2) It must contain unique values.
3)
It cannot be a NULL field.
4)
It cannot be a multi-part field.
5)
It should contain a minimum number of fields necessary
to be called unique.
6)
Its value cannot be modified except in very rare cases.
e.g. CONSTRAINT PK PRIMARY KEY(Emp_code)
Rules for Establishing A Primary
Keys
1)
Each table must have only one primary key.
2)
Each table within a database should have a unique
primary key.
Foreign Keys
Foreign key is a copy of a
primary key in another table. The key
connects to another table when a relationship is being established.

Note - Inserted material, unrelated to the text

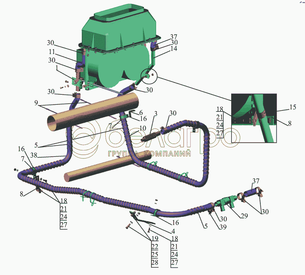Каталог запасных частей к технике: МАЗ-437043 (Зубренок). Установка шлангов отопителя 437040-8100006-010
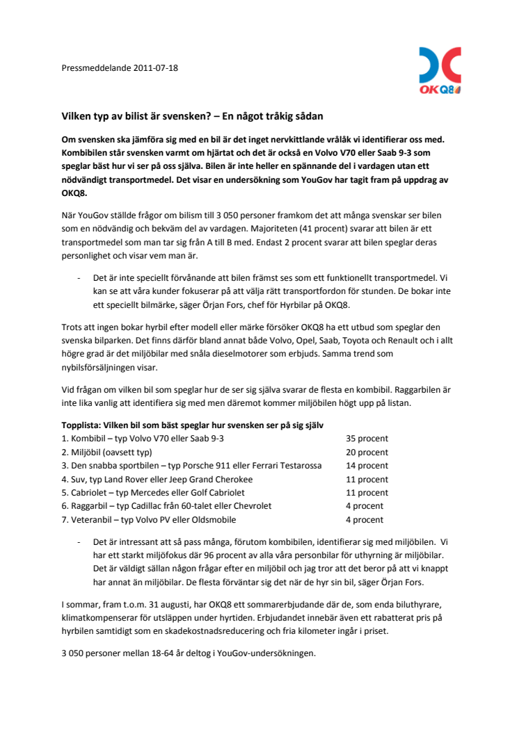 Om svensken ska jämföra sig med en bil är det inget nervkittlande vrålåk vi identifierar oss med. Kombibilen står svensken varmt om hjärtat och det är också en Volvo V70 eller Saab 9-3 som speglar bäst hur vi ser på oss själva. Bilen är inte heller en spännande del i vardagen utan ett nödvändigt transportmedel. Det visar en undersökning som YouGov har tagit fram på uppdrag av OKQ8.

Important elements of Foreign
Keys are
- It has the same name as primary key from which it was
copied.
- Field specifications of primary key from which it was
copied have to be the same for the foreign key too.

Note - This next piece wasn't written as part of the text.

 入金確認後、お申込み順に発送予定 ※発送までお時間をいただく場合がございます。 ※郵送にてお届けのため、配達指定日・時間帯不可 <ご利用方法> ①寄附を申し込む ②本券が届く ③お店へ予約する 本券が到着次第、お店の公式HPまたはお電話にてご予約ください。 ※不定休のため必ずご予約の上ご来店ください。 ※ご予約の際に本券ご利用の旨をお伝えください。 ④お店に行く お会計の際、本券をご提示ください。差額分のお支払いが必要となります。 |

- Values of foreign key are a subset or are drawn from the primary key.
Inserting Data in Table
With INSERT statement records can
be added into a table.
MySQL> Insert into Emp
Values( ‘1001’, ‘9 Avenue’, ‘Thane’,
5000.50,300,400);
MySQL> Insert into Emp
Values( ‘1002’, ‘101 Priya Apt’,
‘Kalyan’, 9500.50,500,900);
MySQL> Insert into Emp
Values( ‘1003’, ‘09 Krish Apt’,
‘Thane’, 8900.50,450,800);
MySQL> Insert into Emp
Values( ‘1004’, ‘29 Anupam Soc’, ‘Mulund’,
7000.80,650,900);
Inserting the Partially Filled
Records in to a Table
We can insert data to a selected
columns with the INSERT statement as
MySQL> Insert into Emp
(Emp_code, TA)
Values (1005,550);
Displaying Data
Data entered into the table can
be seen by giving Select Statement.
NOTE:* (Astrics) indicates all
columns of the table are to be viewed.
MySQL> Select * from Emp
To view Selective Columns
Selective columns can be viewed
by entering column names separated by comma.

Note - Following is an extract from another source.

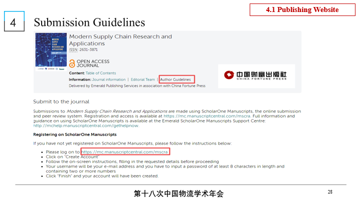 在这样的背景下,国际采购与供应链管理联盟、中国物流与采购联合会、中国财富出版社出版社、中国科学大学和Emerald共同建立了英文期刊“Modern Supply Chain Research and Applications”,翻译成中文为《现代供应链研究与应用》,是IFPSM的第一本官方旗舰期刊。

MySQL> Select Emp_code, Add1
from Emp;
Creating Tables Using another
Table
A table can be created using the
columns and data from another table.
MySQL>Create Table Emp1 Select
Emp_code,Add1,sal from Emp;
MySQL>Create Table Emp1 Select
Emp_code,Add1,sal from Emp where Add2=’Thane’;
Alter Statement
This is used to add, modify and
delete columns and also to rename the table.
Alter Statement (Add)
MySQL> Alter table emp Add
TelNo int(8);
To Add a Specific Field after
another field:-
MySQL> Alter table emp Add
Empname varchar (10) after Emp_code;
Alter Statement (Modify)
This is used to change the size
of column in the table.
MySQL> Alter table emp Modify
Empname varchar (20);
Alter Statement (Change Column
Name)
This is used to change the column
name in the table.
MySQL> Alter table emp Change
Empname EName varchar (20);
Alter Statement (Deleting Column)
This is used to Delete the column
name from the table.
MySQL> Alter table emp Drop
TelNo;
Alter Statement (Deleting/Adding
Primary Key)
Can also be used to delete and
adding the Primary Key in the table.
MySQL> Alter table emp Add
Primary Key (Emp_code);
MySQL> Alter table emp Drop
Primary Key;
Alter Statement (Renaming the
Table)
This can also be used to rename
the name of the table.
MySQL> Alter table emp rename
NewEmp;
Update and Set Statements
The Update statement is used to
modify the data in the rows of the table.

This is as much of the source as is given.